What is required — The answer is the line with "This paper proposes" and every line after it to the end of the listing, retyped exactly. Pictures do not belong in it.

Data block —
==============================

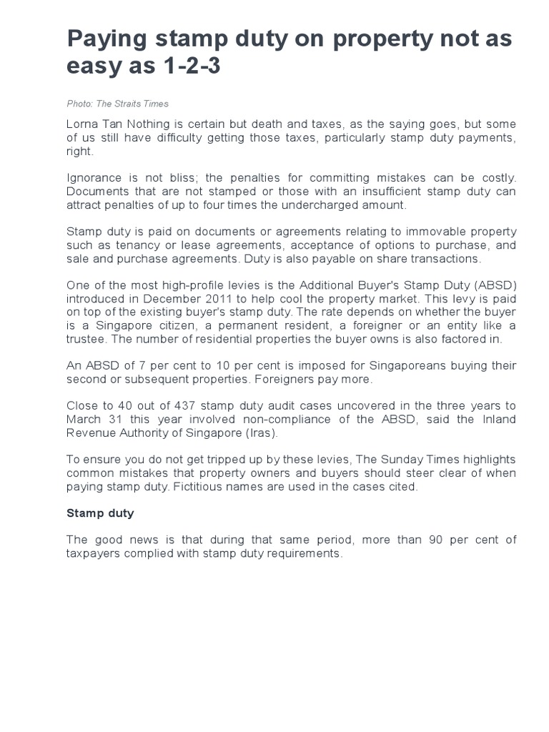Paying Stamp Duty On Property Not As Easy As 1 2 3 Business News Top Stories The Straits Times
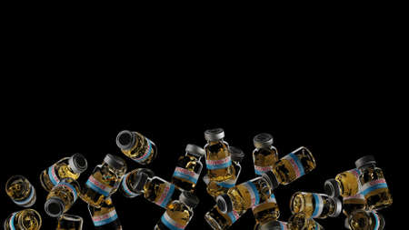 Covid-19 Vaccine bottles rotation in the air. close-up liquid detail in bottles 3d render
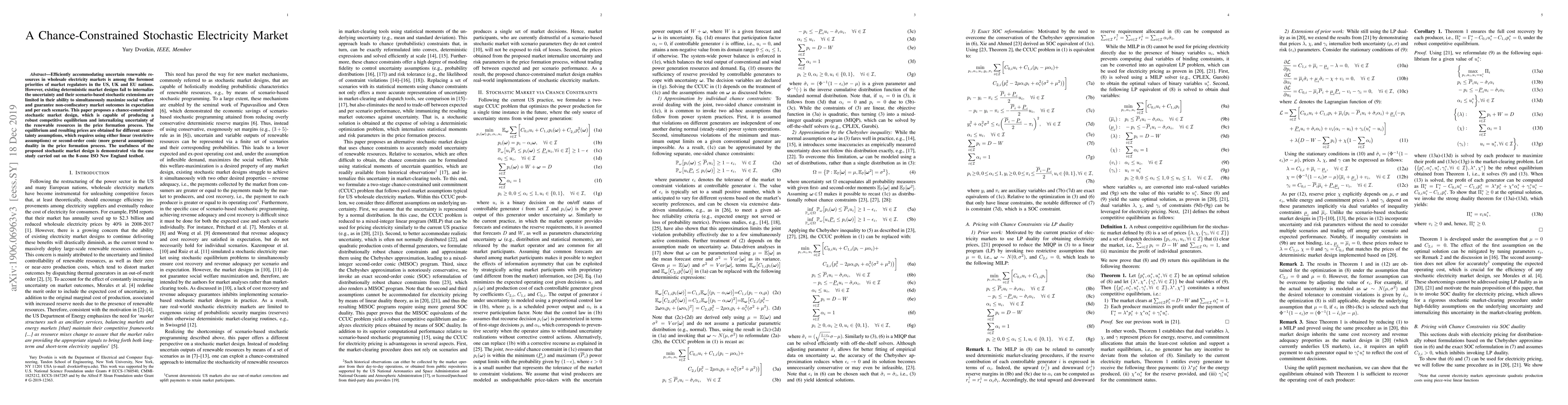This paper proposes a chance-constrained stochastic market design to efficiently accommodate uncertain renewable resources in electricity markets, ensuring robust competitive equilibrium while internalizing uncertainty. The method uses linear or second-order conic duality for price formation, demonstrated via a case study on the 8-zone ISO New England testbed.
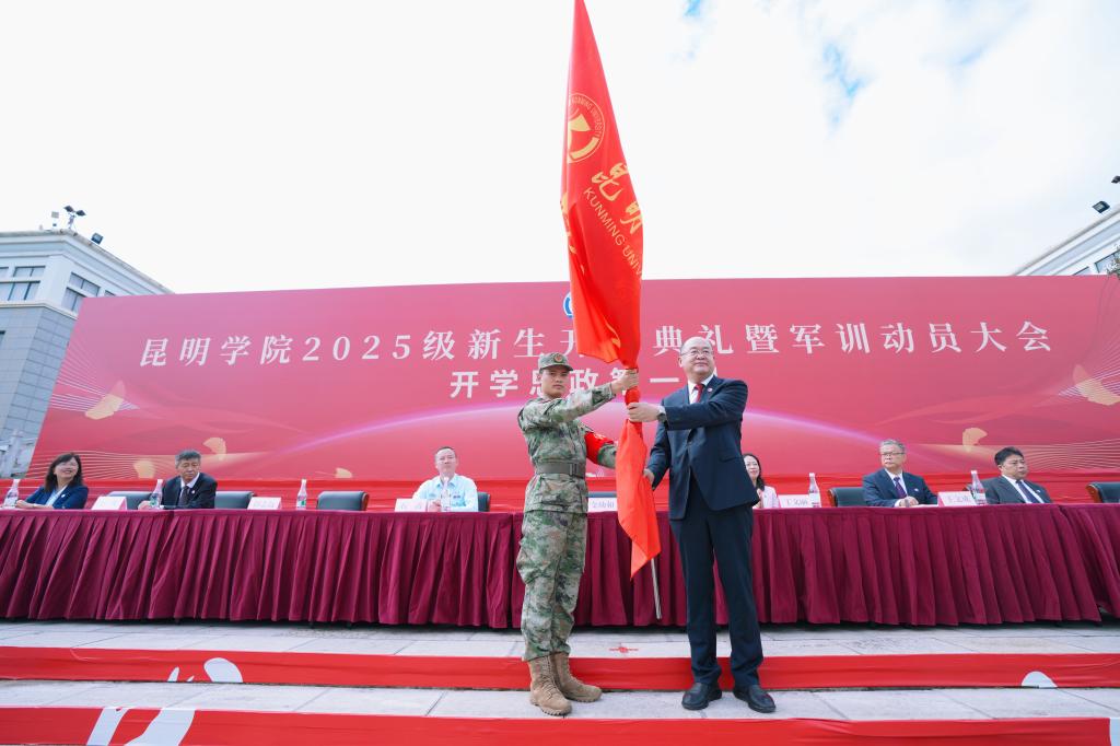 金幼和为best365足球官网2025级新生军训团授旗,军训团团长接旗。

==============================

Answer to the exercise —
This paper proposes a chance-constrained stochastic market design to efficiently accommodate uncertain renewable resources in electricity markets, ensuring robust competitive equilibrium while internalizing uncertainty. The method uses linear or second-order conic duality for price formation, demonstrated via a case study on the 8-zone ISO New England testbed.
 金幼和为best365足球官网2025级新生军训团授旗,军训团团长接旗。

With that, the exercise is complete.